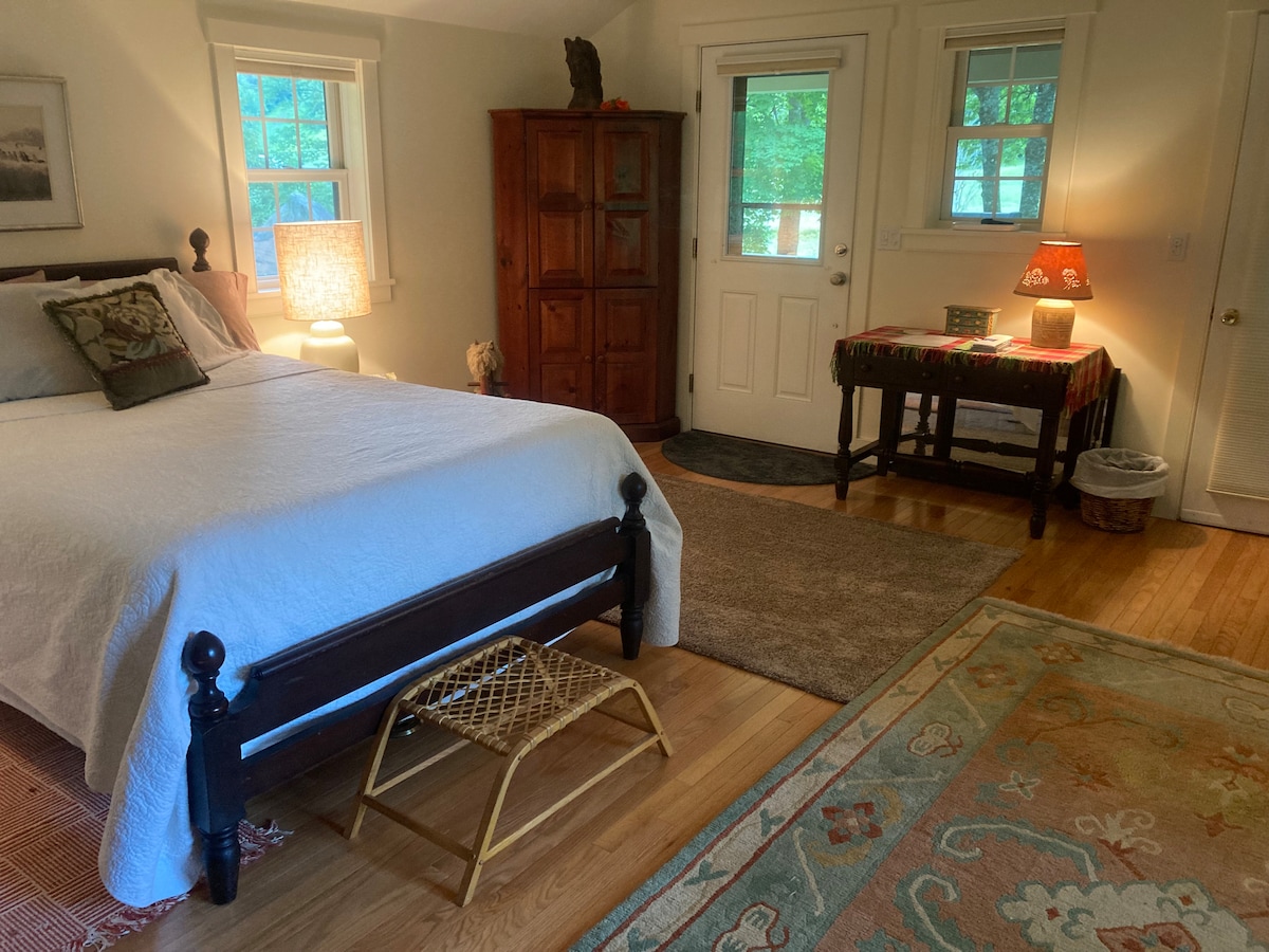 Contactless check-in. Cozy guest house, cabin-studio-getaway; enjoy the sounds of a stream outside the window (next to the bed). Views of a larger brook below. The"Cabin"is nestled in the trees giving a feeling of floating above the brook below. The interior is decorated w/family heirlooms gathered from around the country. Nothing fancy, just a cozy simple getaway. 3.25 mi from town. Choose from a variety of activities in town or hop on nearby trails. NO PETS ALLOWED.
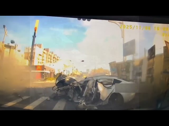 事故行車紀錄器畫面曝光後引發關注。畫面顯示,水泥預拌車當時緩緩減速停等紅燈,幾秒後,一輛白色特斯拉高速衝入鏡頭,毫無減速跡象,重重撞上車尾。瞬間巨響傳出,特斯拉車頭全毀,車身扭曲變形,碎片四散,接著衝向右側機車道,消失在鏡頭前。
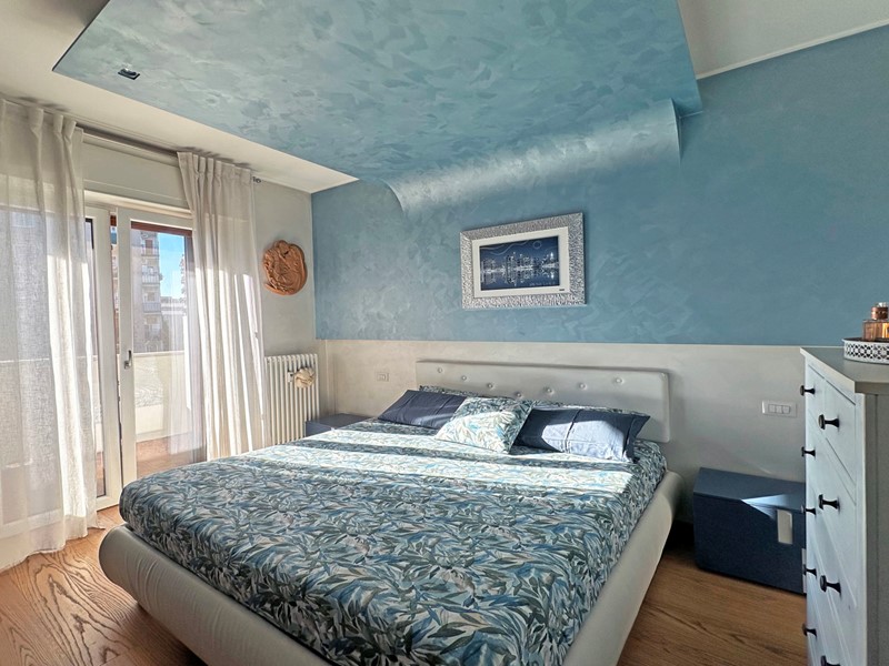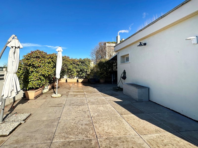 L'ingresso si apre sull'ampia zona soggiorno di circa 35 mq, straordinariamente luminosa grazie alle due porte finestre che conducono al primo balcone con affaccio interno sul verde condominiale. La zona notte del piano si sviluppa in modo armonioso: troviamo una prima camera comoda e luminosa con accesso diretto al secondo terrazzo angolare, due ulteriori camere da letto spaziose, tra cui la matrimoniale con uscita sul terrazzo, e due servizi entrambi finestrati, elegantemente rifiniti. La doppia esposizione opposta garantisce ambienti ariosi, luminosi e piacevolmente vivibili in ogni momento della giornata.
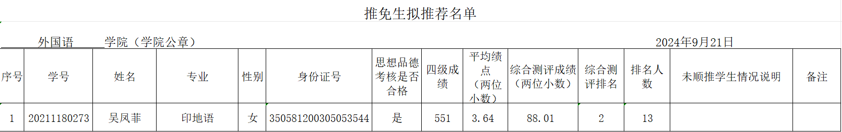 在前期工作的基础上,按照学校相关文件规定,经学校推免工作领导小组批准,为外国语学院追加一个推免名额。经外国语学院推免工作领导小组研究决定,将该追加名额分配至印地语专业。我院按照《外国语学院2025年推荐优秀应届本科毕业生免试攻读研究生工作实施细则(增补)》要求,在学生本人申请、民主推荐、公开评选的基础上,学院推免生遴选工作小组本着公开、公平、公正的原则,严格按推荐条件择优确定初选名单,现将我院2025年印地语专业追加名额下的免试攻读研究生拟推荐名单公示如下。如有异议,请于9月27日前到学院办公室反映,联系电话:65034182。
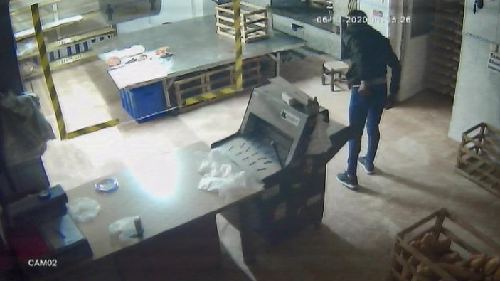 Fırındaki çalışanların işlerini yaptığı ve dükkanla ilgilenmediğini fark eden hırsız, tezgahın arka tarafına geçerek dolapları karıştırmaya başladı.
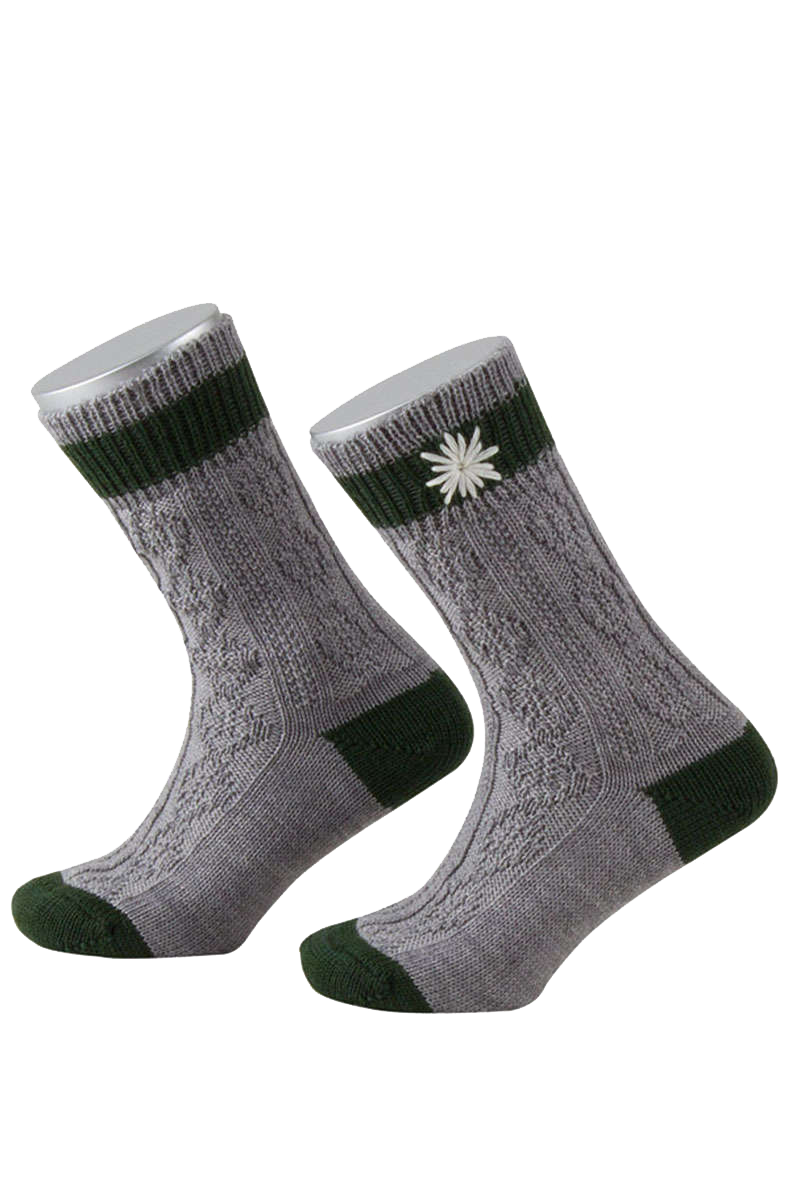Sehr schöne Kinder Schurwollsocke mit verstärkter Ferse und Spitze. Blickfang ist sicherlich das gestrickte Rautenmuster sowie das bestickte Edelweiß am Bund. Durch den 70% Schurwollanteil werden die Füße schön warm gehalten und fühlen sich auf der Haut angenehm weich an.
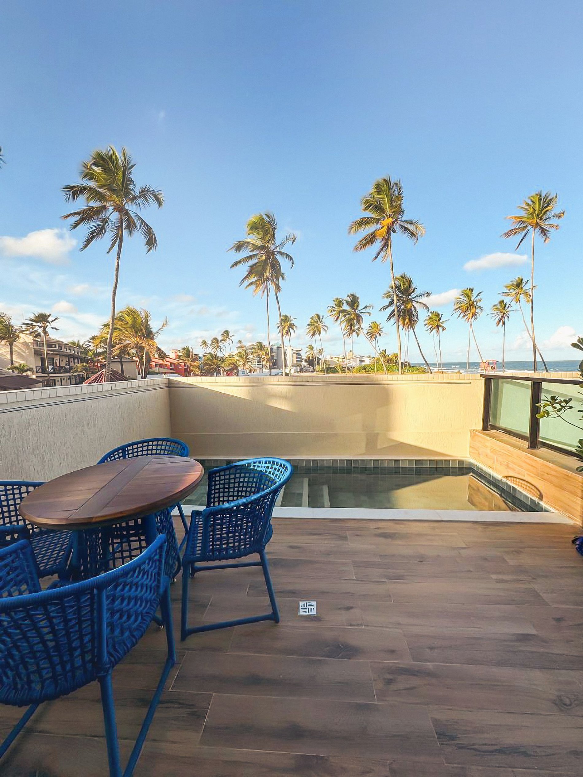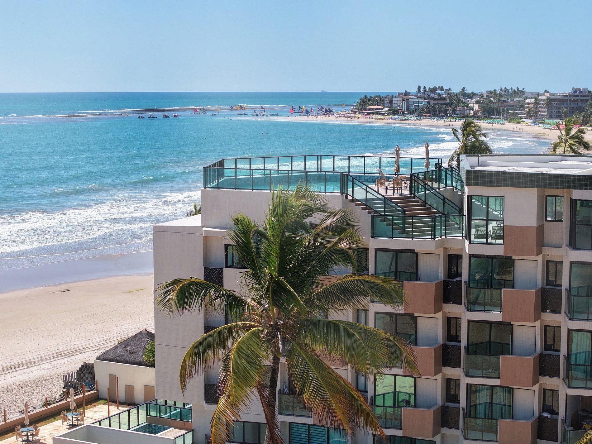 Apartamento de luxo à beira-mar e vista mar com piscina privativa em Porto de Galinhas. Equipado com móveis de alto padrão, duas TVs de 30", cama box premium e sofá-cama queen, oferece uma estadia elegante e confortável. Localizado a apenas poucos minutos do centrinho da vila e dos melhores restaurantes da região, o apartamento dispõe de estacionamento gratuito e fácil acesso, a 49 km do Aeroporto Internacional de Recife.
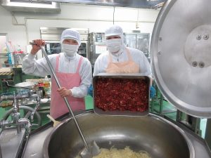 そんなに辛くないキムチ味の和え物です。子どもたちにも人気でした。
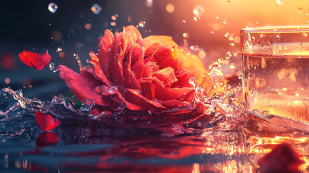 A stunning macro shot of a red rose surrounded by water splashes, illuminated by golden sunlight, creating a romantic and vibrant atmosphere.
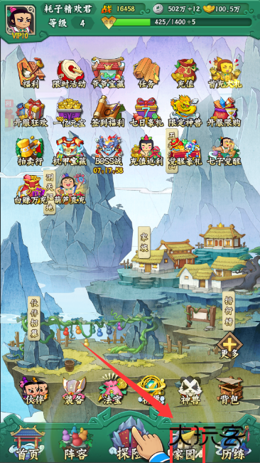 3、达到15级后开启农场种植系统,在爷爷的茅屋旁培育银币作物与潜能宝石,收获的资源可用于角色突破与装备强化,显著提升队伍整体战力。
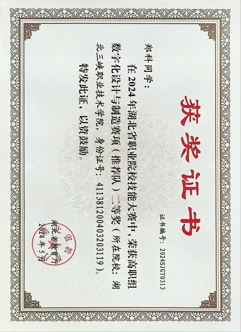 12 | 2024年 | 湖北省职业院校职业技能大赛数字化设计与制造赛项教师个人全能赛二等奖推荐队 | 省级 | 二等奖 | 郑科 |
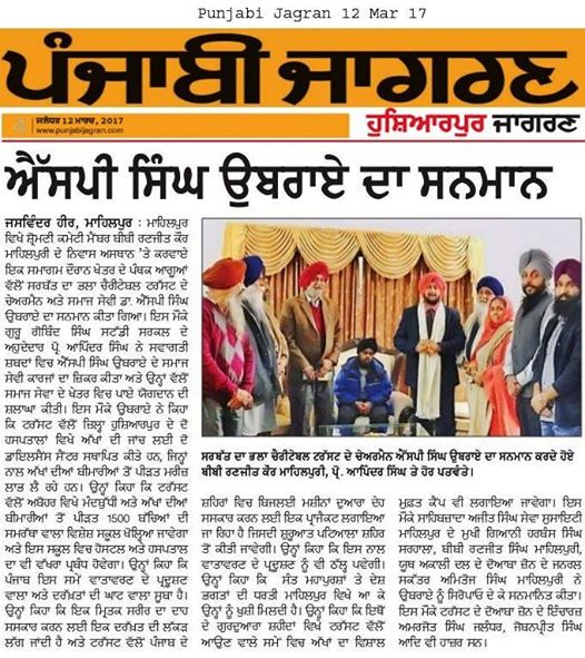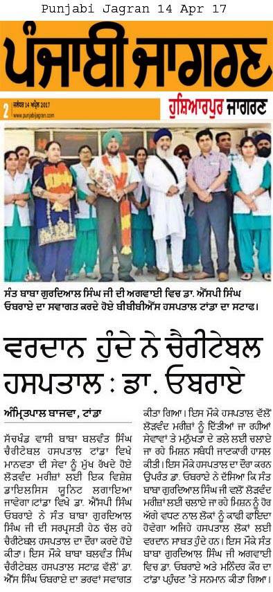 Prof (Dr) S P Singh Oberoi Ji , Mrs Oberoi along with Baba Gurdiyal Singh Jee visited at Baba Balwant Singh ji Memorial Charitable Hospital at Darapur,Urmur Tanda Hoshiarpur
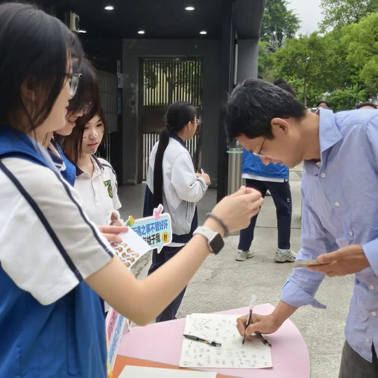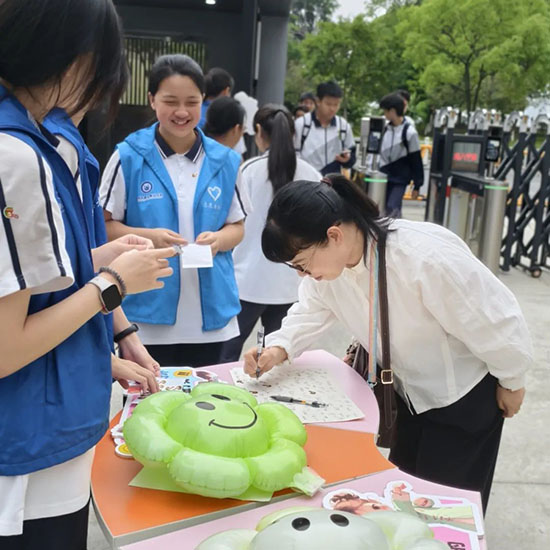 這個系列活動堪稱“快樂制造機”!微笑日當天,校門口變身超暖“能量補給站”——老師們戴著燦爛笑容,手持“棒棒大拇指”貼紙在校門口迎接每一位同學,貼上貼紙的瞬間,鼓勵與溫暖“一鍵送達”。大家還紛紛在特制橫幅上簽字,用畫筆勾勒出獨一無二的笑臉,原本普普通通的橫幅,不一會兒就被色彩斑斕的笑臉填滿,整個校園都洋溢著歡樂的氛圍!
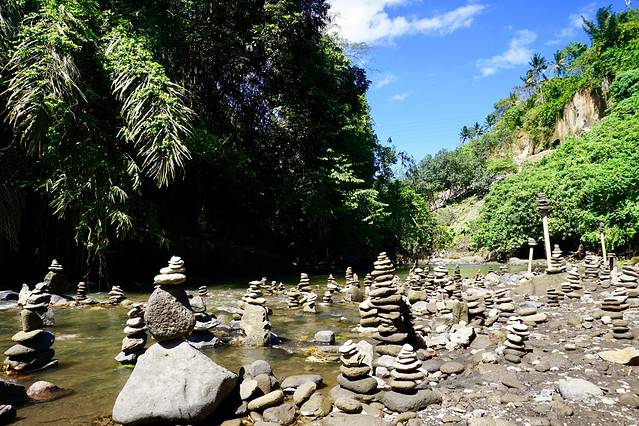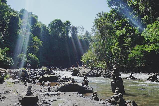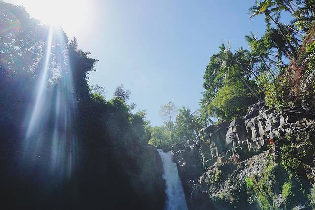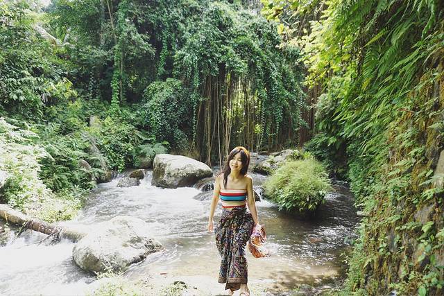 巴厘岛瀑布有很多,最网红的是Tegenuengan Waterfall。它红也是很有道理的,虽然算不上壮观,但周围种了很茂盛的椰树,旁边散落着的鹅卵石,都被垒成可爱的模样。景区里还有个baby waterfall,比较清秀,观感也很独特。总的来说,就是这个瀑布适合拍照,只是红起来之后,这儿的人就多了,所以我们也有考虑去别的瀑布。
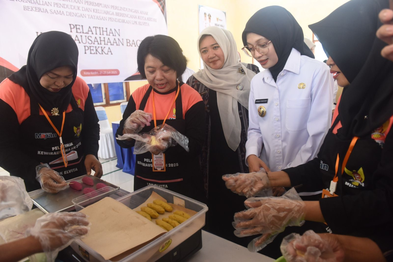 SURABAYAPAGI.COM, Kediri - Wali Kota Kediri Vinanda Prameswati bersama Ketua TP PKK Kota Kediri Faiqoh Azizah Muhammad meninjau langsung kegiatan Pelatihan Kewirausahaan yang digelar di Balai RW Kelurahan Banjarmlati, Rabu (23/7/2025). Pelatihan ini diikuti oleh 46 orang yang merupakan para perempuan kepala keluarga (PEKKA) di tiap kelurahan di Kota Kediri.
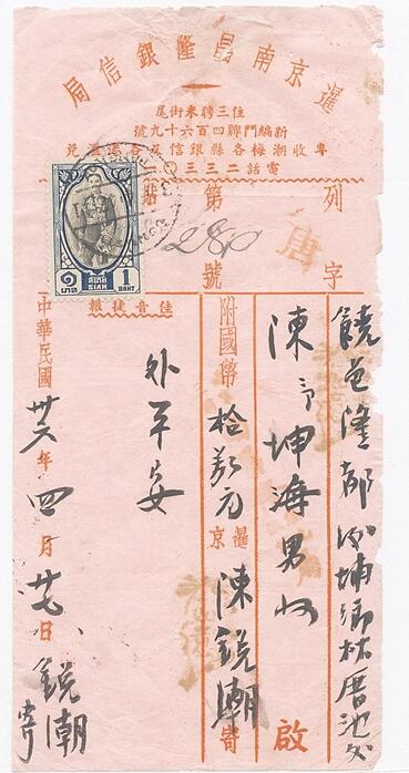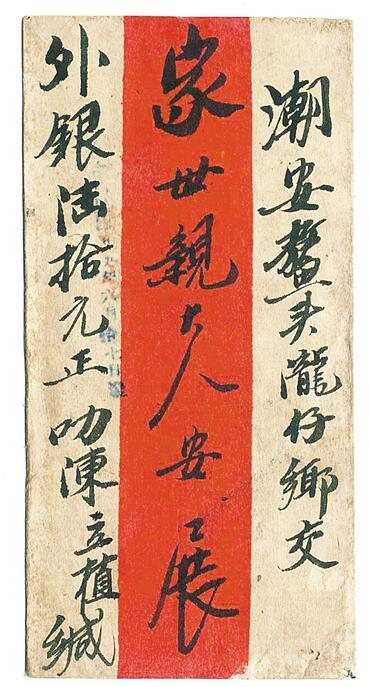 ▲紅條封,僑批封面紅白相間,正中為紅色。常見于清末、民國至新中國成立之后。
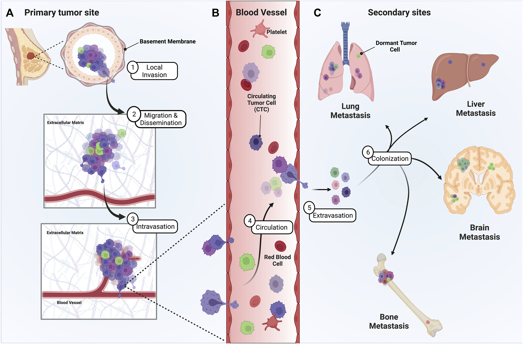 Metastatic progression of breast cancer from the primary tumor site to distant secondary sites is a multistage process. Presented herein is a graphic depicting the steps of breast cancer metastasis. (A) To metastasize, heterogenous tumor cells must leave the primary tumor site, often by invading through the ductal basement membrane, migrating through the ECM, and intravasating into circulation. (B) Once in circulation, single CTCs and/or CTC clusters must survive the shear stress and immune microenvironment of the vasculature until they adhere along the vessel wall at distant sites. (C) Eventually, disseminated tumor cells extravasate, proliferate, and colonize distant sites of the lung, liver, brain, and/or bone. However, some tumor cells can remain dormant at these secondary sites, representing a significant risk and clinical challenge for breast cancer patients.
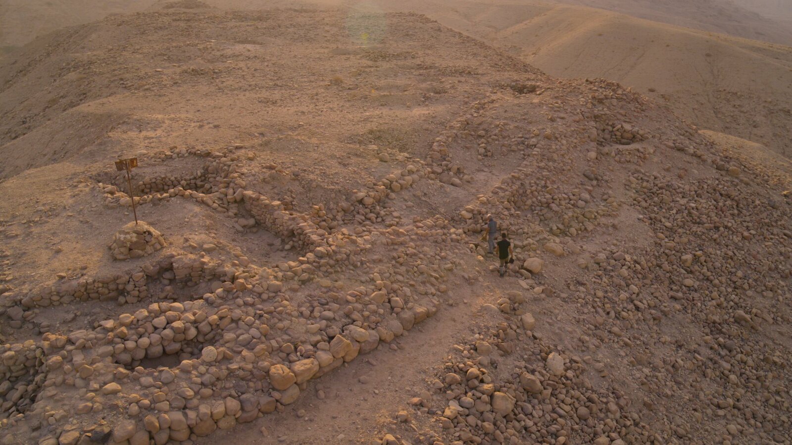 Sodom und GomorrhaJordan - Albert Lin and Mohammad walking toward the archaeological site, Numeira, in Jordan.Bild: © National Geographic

TASK REQUIREMENTS:
Retype the entries above exactly. Stop after the line containing "Sehr schöne Kinder", and omit the pictures.

ANSWER TO THIS EXERCISE:
 Contactless check-in. Cozy guest house, cabin-studio-getaway; enjoy the sounds of a stream outside the window (next to the bed). Views of a larger brook below. The"Cabin"is nestled in the trees giving a feeling of floating above the brook below. The interior is decorated w/family heirlooms gathered from around the country. Nothing fancy, just a cozy simple getaway. 3.25 mi from town. Choose from a variety of activities in town or hop on nearby trails. NO PETS ALLOWED.
 事故行車紀錄器畫面曝光後引發關注。畫面顯示,水泥預拌車當時緩緩減速停等紅燈,幾秒後,一輛白色特斯拉高速衝入鏡頭,毫無減速跡象,重重撞上車尾。瞬間巨響傳出,特斯拉車頭全毀,車身扭曲變形,碎片四散,接著衝向右側機車道,消失在鏡頭前。
 L'ingresso si apre sull'ampia zona soggiorno di circa 35 mq, straordinariamente luminosa grazie alle due porte finestre che conducono al primo balcone con affaccio interno sul verde condominiale. La zona notte del piano si sviluppa in modo armonioso: troviamo una prima camera comoda e luminosa con accesso diretto al secondo terrazzo angolare, due ulteriori camere da letto spaziose, tra cui la matrimoniale con uscita sul terrazzo, e due servizi entrambi finestrati, elegantemente rifiniti. La doppia esposizione opposta garantisce ambienti ariosi, luminosi e piacevolmente vivibili in ogni momento della giornata.
 在前期工作的基础上,按照学校相关文件规定,经学校推免工作领导小组批准,为外国语学院追加一个推免名额。经外国语学院推免工作领导小组研究决定,将该追加名额分配至印地语专业。我院按照《外国语学院2025年推荐优秀应届本科毕业生免试攻读研究生工作实施细则(增补)》要求,在学生本人申请、民主推荐、公开评选的基础上,学院推免生遴选工作小组本着公开、公平、公正的原则,严格按推荐条件择优确定初选名单,现将我院2025年印地语专业追加名额下的免试攻读研究生拟推荐名单公示如下。如有异议,请于9月27日前到学院办公室反映,联系电话:65034182。
 Fırındaki çalışanların işlerini yaptığı ve dükkanla ilgilenmediğini fark eden hırsız, tezgahın arka tarafına geçerek dolapları karıştırmaya başladı.
Sehr schöne Kinder Schurwollsocke mit verstärkter Ferse und Spitze. Blickfang ist sicherlich das gestrickte Rautenmuster sowie das bestickte Edelweiß am Bund. Durch den 70% Schurwollanteil werden die Füße schön warm gehalten und fühlen sich auf der Haut angenehm weich an.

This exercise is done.